From Where I Am is an on-going epistolary body of work by filmmaker and artist Jessica Oreck. It is a collage-based, mail art, travel diary.

The series assimilates many facets: a ceaseless wanderlust, an obsession with collecting, a reveling in new perspectives, and a deep fascination with the impenetrable miscellany of detritus/treasure that filters through time. I am enthralled by the objects and remnants that fall through the cracks - caught somewhere in limbo between belonging(s) and trash - the habitually forgotten residues of other people's lives.

I tend to think of myself less as an artist and more as a Bower Bird, compositing and arranging archipelagos of intricate nests.

The collages each engage directly with a sense of place. Every collection is comprised of materials gathered in a single location. Drawing on the limitations and precision of the imagery, the collages reveal a sort of palimpsest of ethos - a layering of mutating cultural vogues, the anonymous censorship of time, and my own socially muddied sense of self.

The body of work as a whole is littered with tropes of fragmentation - implications of a new homeless, rudderless generation - splintered egos, empty thresholds, indistinctive, fractured landscapes. The series is motivated by an exacting arrangement, a sensitive cataloging of the sublime, casual, and transitory images that assemble our lives.

From Where I Am is more than a series of two-dimensional collages; it is, quite physically, an orientation toward community, connection, and identity - a reflection of my existence as a foreigner.

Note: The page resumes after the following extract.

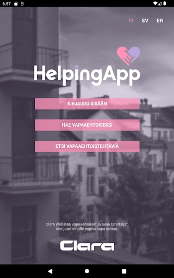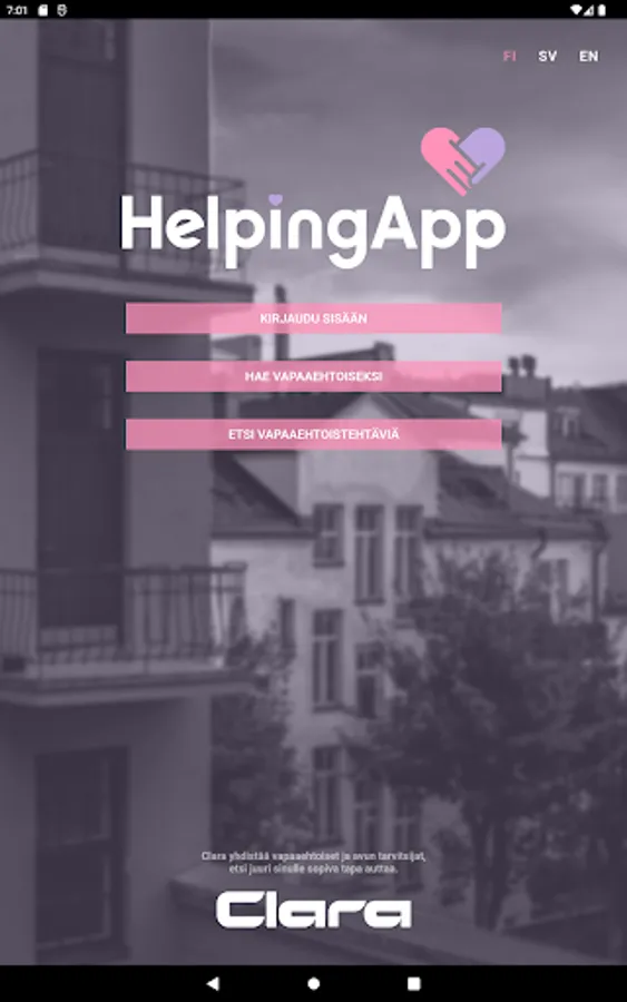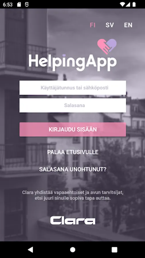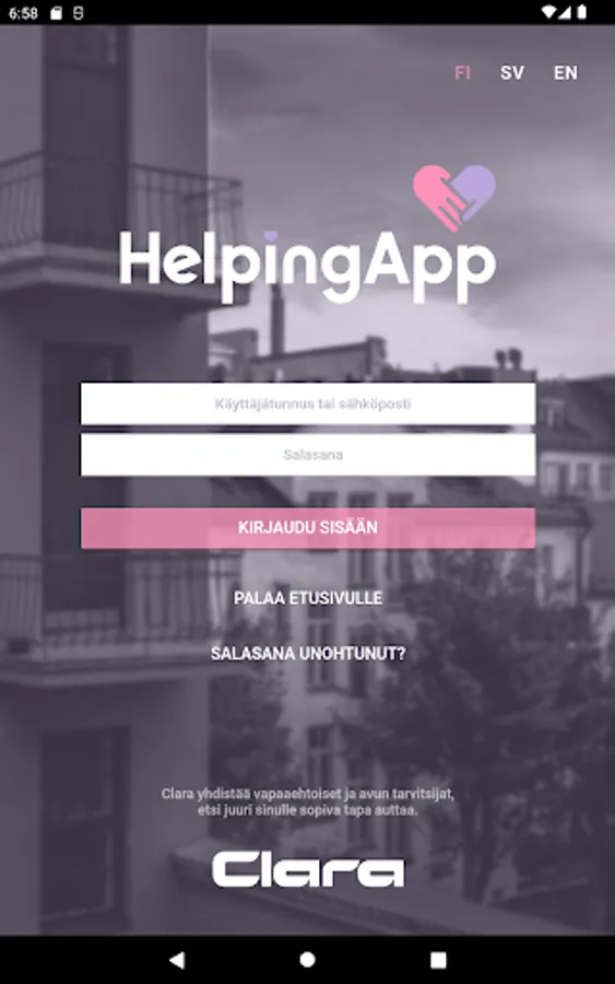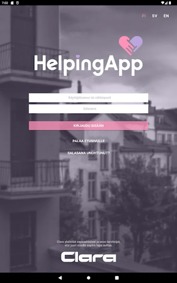 The login requires credentials, which the volunteer can get from the volunteering organization. The organization needs to have an agreement with Clara Finland Oy for the Clara service.

In my work as a filmmaker I have spent long periods in Japan, Russia and Eastern Europe, I've traveled extensively across parts of Africa and the Middle East, lived with a family of reindeer herders in Northern Lapland, in a crumbling castle in the Germany countryside, and I currently reside in South Korea. I am rarely at "home" for more than two or three months a year. The sensation of being immersed in a culture and language to which I don't belong is of equal importance to the delicate lines of communication that tie me back to those I know. Each collection of collages is sent to various recipients, inscribed with a personal message, from where I am.